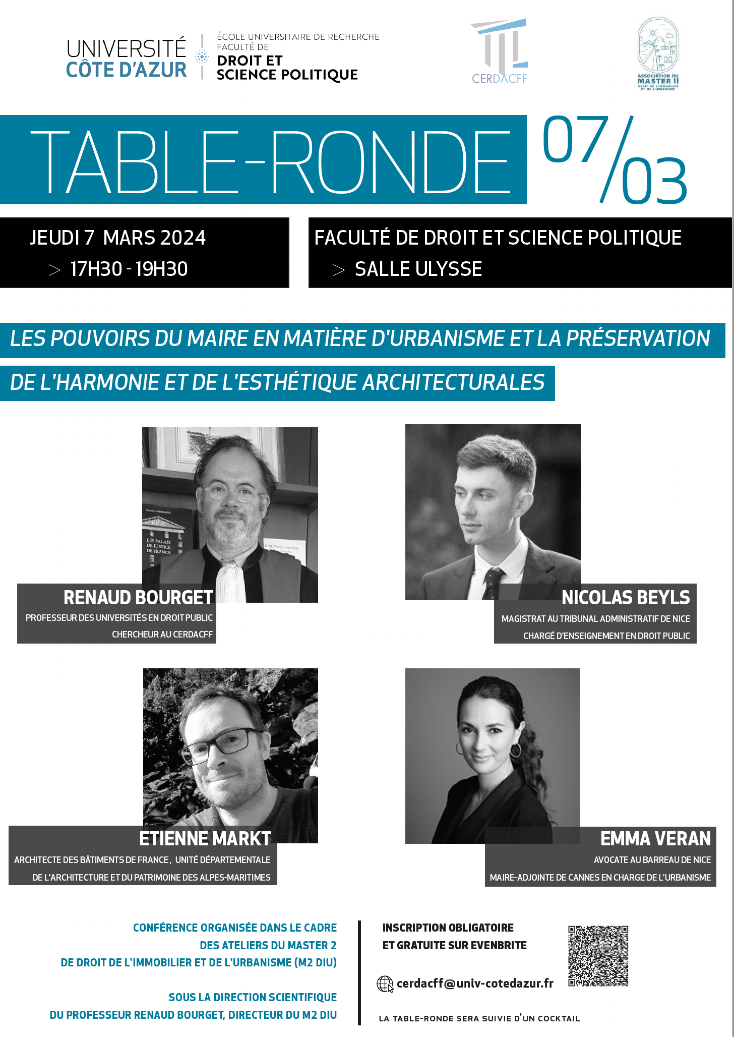 Renaud Bourget, professeur des Universités en droit public, Nicolas Beyls, Magistrat au Tribunal administratif de Nice, Chargé d'enseignement en droit public, Étienne Markt, Architecte des Bâtiments de France, Unité départementale de l'architecture et du patrimoine des Alpes-Maritimes, Emma Veran, Avocate au Barreau de Nice, Maire-adjointe de Cannes en charges de l'urbanisme
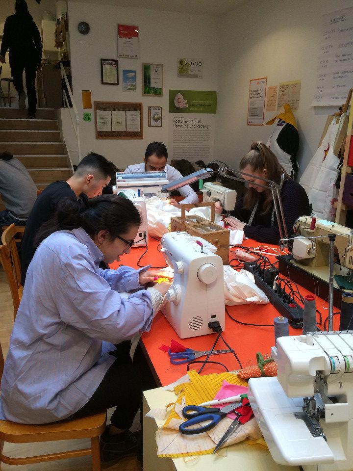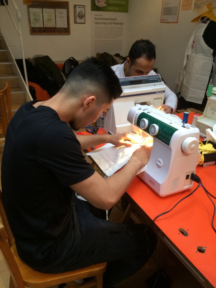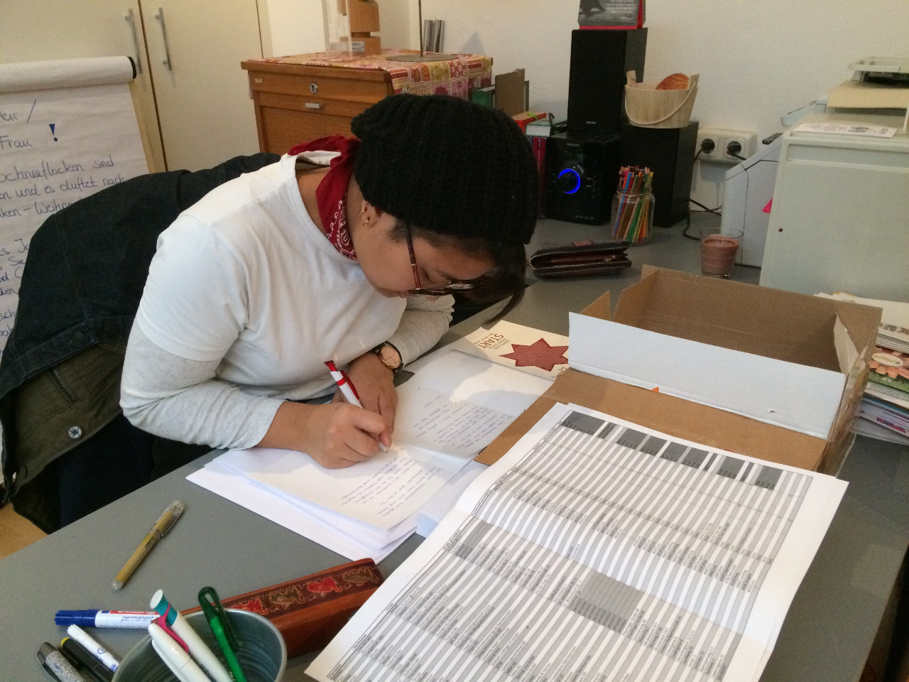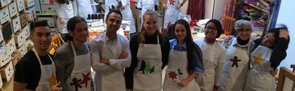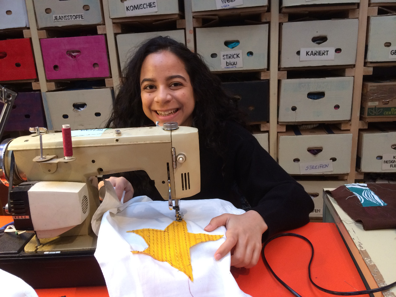 Nadja Fuchs, schulte die Jugendlichen in Siebdrucken, Applikationen mit der Nähmaschine und Upcycling ein und stand stets mit Rat und Tat zur Seite. Stipendiatin Soritta Kim war für die Textgestaltung der Weihnachtskarten verantwortlich.
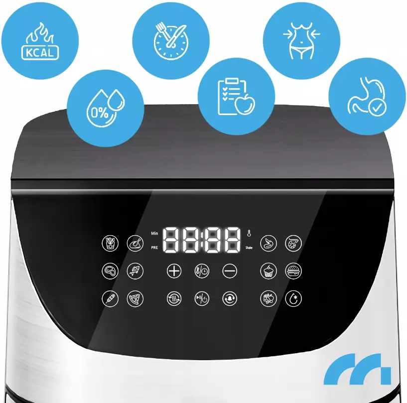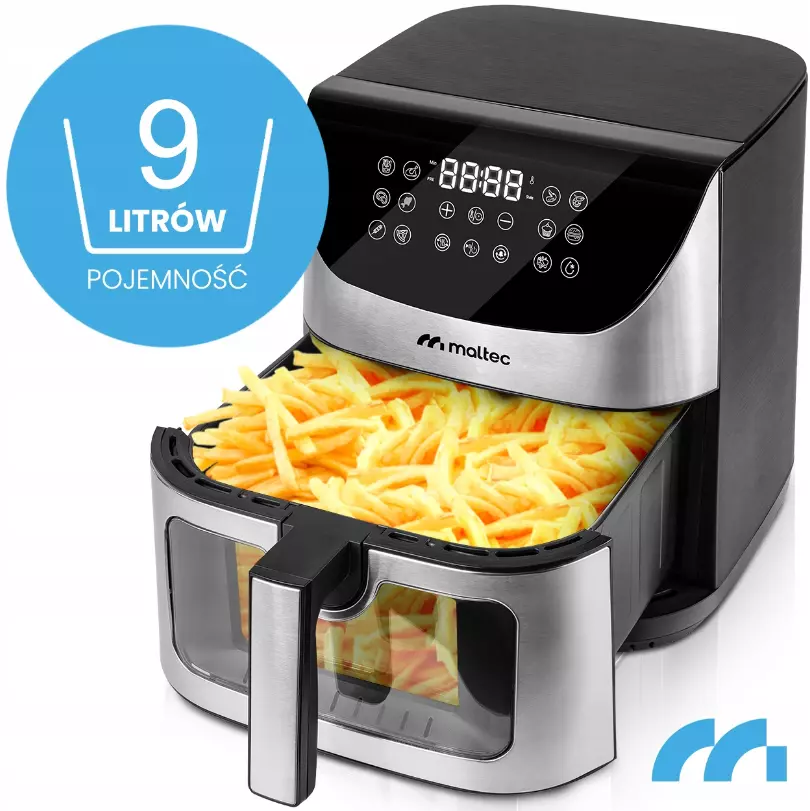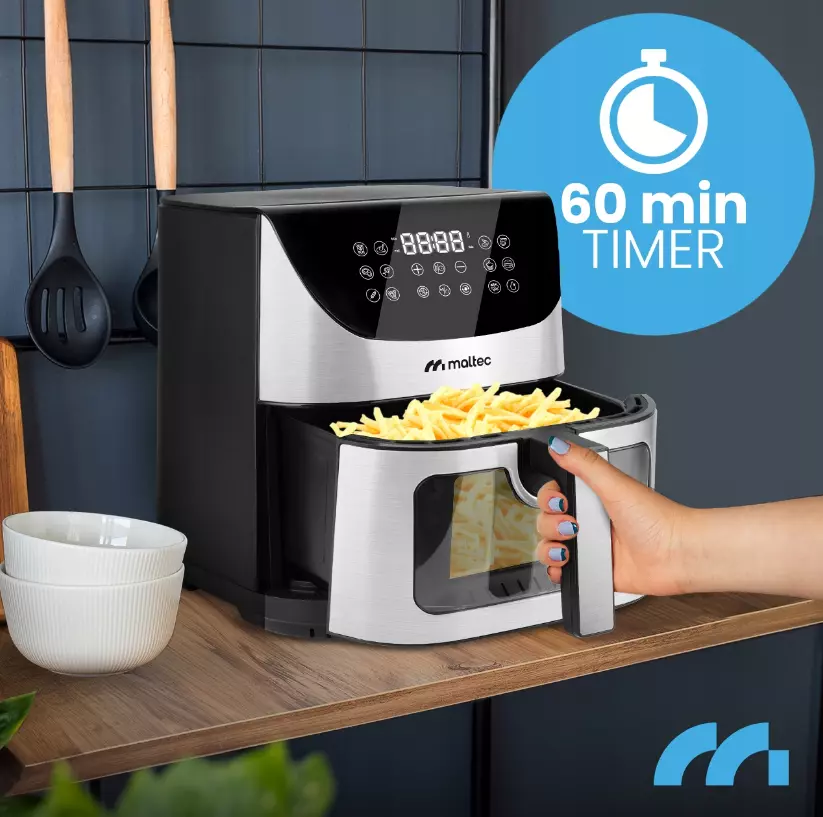 Фритюрница без жира MalTec AirFryer1800W-9L - это здоровый способ приготовления легкой и вкусной пищи. Благодаря технологии высокоскоростной циркуляции горячего воздуха прибор позволяет жарить чипсы, курицу, рыбу, овощи и даже выпекать пироги без использования масла.

- What to produce:
Starting at the first line of the material above and ending with the line that contains "Nadja Fuchs, schulte", reproduce every line exactly, and leave out the pictures.

- Answer for the task:
 Renaud Bourget, professeur des Universités en droit public, Nicolas Beyls, Magistrat au Tribunal administratif de Nice, Chargé d'enseignement en droit public, Étienne Markt, Architecte des Bâtiments de France, Unité départementale de l'architecture et du patrimoine des Alpes-Maritimes, Emma Veran, Avocate au Barreau de Nice, Maire-adjointe de Cannes en charges de l'urbanisme
 Nadja Fuchs, schulte die Jugendlichen in Siebdrucken, Applikationen mit der Nähmaschine und Upcycling ein und stand stets mit Rat und Tat zur Seite. Stipendiatin Soritta Kim war für die Textgestaltung der Weihnachtskarten verantwortlich.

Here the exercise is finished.